The CIA's tools probably don't have flashy graphics, but even the ones that were leaked a while ago give a good insight into things.
https://github.com/secoba/CIA-Hacking-Tools
I can imagine an experienced operator automating things quite a bit, and when you give them a target, they'll just run a few commands, wait a some time and get a shell with lots of powerful capabilities.
Matter of fact, I think they don't show enough "easy hacking" in the movies, where you take over hospitals, government agents, courts ,etc.. in a matter of minutes and start snooping around, or just wipe them out. That would feel unbelievable to movie/tv audiences so they lave it out.
2. While I don't even dislike the guy, let alone hate him, Kiriakou tends to make grandiose and controversial claims that get discredited.
3. Kiriakou hasn't been privvy to CIA tech since roughly 2004. Yes, before the era of modern smartphones, all devices were pwned. He's been doing the rounds on any podcast that will take him where he elaborates on these claims further and it's pretty clear that he doesn't have decent subject matter knowledge.
Can a lot of phones and TVs and cars be exploited? Yes. Keep your devices patched. And, don't do things that attract the CIA's attention enough that they're putting in the significant effort it takes to pwn your TV or car.
tl;dr: If you're in a position where the CIA is targeting you, worry.
I got a used manual transmission easy to repair vehicle with no internet, no cell phone, I only use cash IRL, and the only device I travel with is a QubesOS laptop.
If the CIA wants to track me, they are going to have to work for it. I hope to waste as much of their time as possible.
In one interview he says that after being surveilled overseas for a while by an obvious amateur, he told the station chief who then gave him the OK to kill the guy.
Surely they would try evasion, counter-surveillance, or maybe even sending a team to grab the guy off the street to figure out who he is?
He claims the only reason he didn't kill the guy is because for some reason he randomly decided to mention it to a general in the local intelligence service, and then suddenly the tail vanished.
He shows up on Youtube a lot, and is always a great watch, but is he full of shit or what?
Trial for leaker https://news.ycombinator.com/item?id=22226066
He did not own a mobile phone or any internet connected device. Was staunchly against it. This attitude was based on what he knew were the surveillance capabilities in 2003. Ended up retiring to a mountain cabin that was off grid.
Maybe he was crazy, but he never seemed like the prepper type. Just very very sober and serious about avoiding electronic communications.
https://www.aljazeera.com/news/2025/9/6/us-navy-seals-killed...
No baseband modem, no arbitrary blobs, no OS that sends data. And should be obvious: no messenger apps that can't be verified.
The problem though is not your phone if you set it up right: it's your contacts. Your opsec is worth a shit if any (and I mean _any_) of your friends uses iOS or not Graphene or LineageOS. And this _any_ also means _any_ security bug that is unfixed which alone by itself is not guaranteeable.
Humans are bad at time awareness, and that's the strength of surveillance systems.

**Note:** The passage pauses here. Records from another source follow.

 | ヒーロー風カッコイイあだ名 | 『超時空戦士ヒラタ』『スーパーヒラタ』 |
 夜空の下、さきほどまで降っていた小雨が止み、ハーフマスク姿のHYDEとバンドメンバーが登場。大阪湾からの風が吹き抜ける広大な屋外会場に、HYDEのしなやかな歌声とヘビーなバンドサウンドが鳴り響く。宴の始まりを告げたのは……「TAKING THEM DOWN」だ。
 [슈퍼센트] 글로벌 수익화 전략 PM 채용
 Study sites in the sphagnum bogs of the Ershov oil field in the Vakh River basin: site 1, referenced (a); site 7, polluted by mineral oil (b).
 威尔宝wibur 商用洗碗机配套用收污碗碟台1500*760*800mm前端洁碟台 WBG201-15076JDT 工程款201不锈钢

I'm currently working on porting Mobian (or Nix, haven't decided yet) with Plasma to the Hackberry Pi device. In my opinion that's the first untrackable device due to it relying solely on Wi-Fi. Combined with an Atheros Wi-Fi USB stick this has the potential to avoid surveillance altogether, well, given the right tools for enforced randomization, tunneling, scattering etc.

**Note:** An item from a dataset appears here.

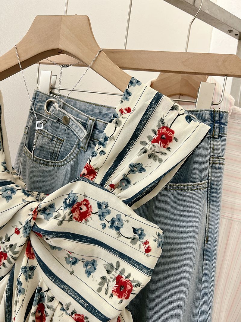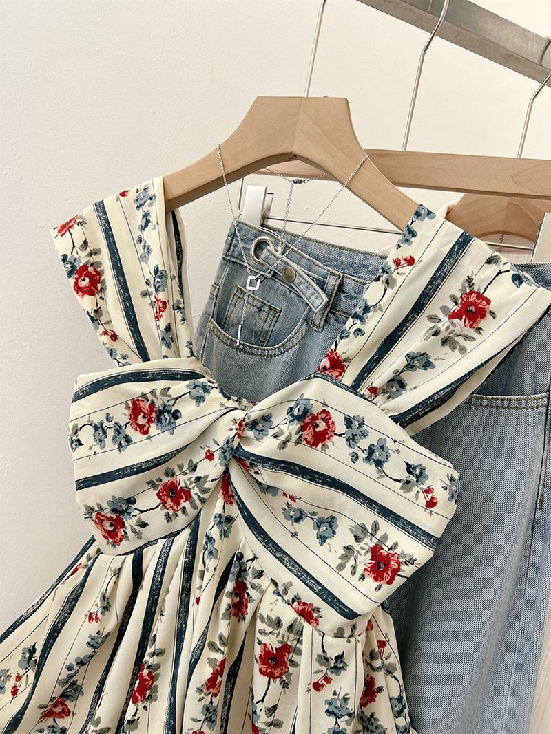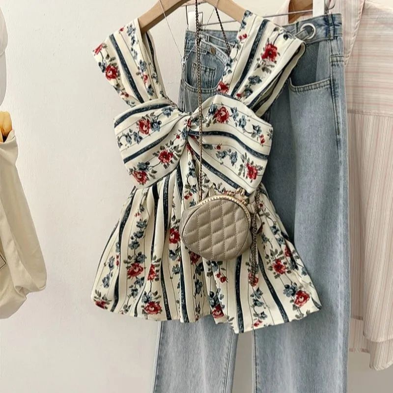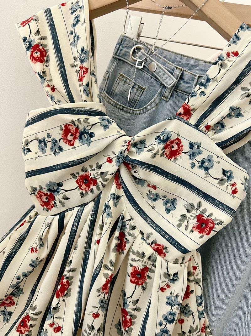 Ladies style retro V-neck kinked floral shirt women's summer new pastoral sexy waist small fly sleeves ins top
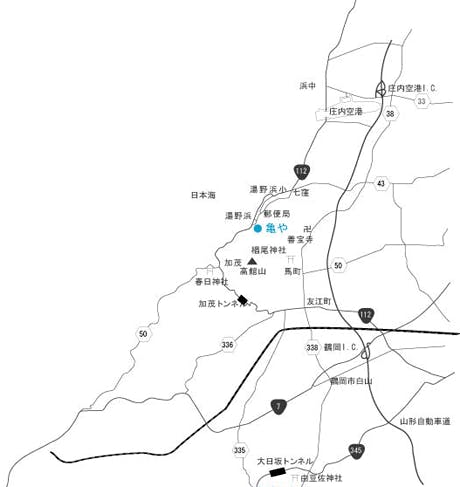 電車で 羽越本線鶴岡駅下車バス40分・タクシー20分 飛行機で 庄内空港利用 空港よりタクシー10分 お車で 新潟より約3時間 長岡より約4時間 秋田より約3時間 仙台より約2時間30分 山形自動車道鶴岡ICより約20分 庄内空港ICより約10分 日本海東北自動車道朝日まほろばICより約1時間30分

[1] (not ready yet) https://github.com/rogueberry
[2] (there's more alternative versions) https://github.com/ZitaoTech/HackberryPiCM5
To put it another way, I'm on a legal-to-harass-list probably for the rest of my life and likely can't do a damn thing about it...beyond the obvious, which I've chosen, which is to enjoy a low-key, crime free, introspective creative sabbatical as much as possible on the fringes of society. Last thing I'm interested in is...whatever they accused me of this time...
He does repeat the same saga of his time in Pakistan a lot (or maybe im watching too many of his talks expecting something new).

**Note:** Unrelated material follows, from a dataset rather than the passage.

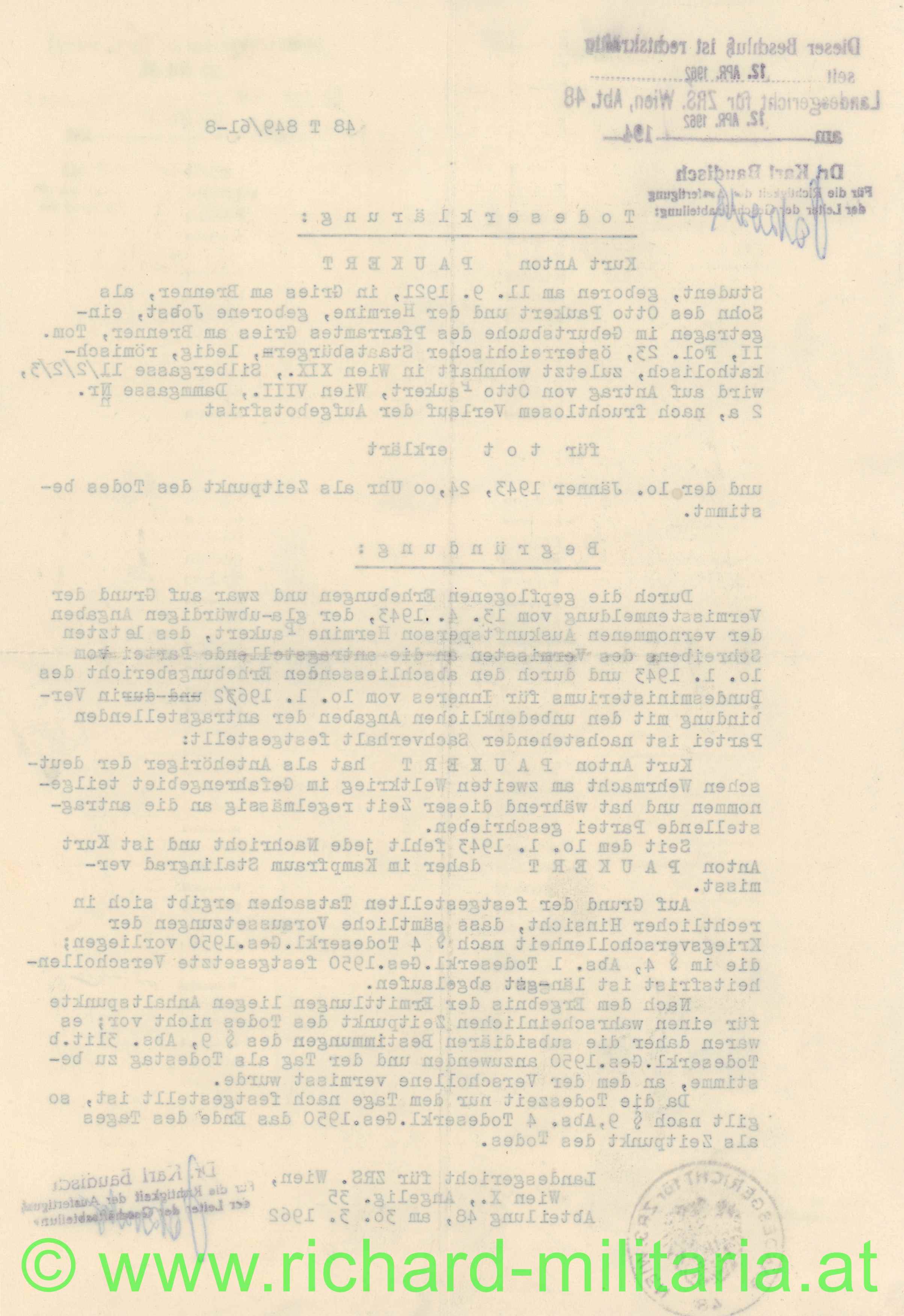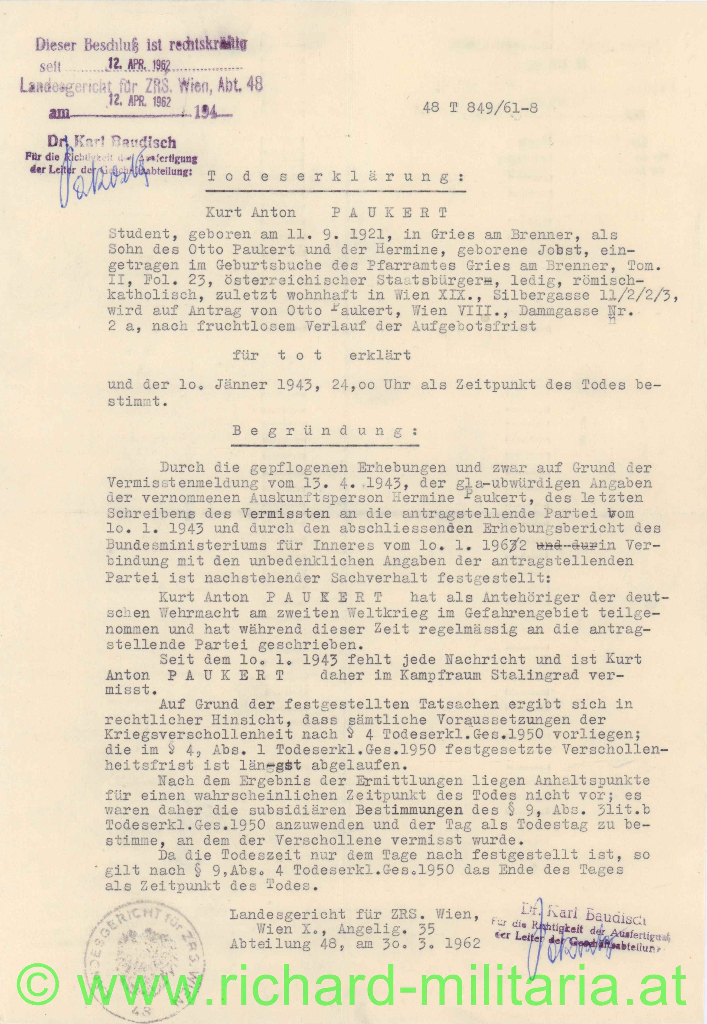 Todeserklärung und letzter Brief des Wehrmacht Soldaten Kurt Anton Paukert von 1962, vermisst seit 10.1.1943 in Stalingrad, sehr guter Zustand

He seems to be on a PR tour now, I guess to try and get other work. Some people blast every connection on LinkedIn, he seems to take a different approach and guest on every testosterone fueled and non-fact checked podcast.
> In July 2022, former CIA software engineer Joshua Schulte was convicted of leaking the documents to WikiLeaks, and in February 2024 sentenced to 40 years' imprisonment.
>>If the CIA wants to track me, they are going to have to work for it. I hope to waste as much of their time as possible.
1. An effective tactic is to friend relatives and friends on social media. From there, you either get to the HVT's data because it's set to viewable for "friend of friend" or you be patient, friend more of their friends and family and eventually friend the HVT directly, using your "connections" as social proof.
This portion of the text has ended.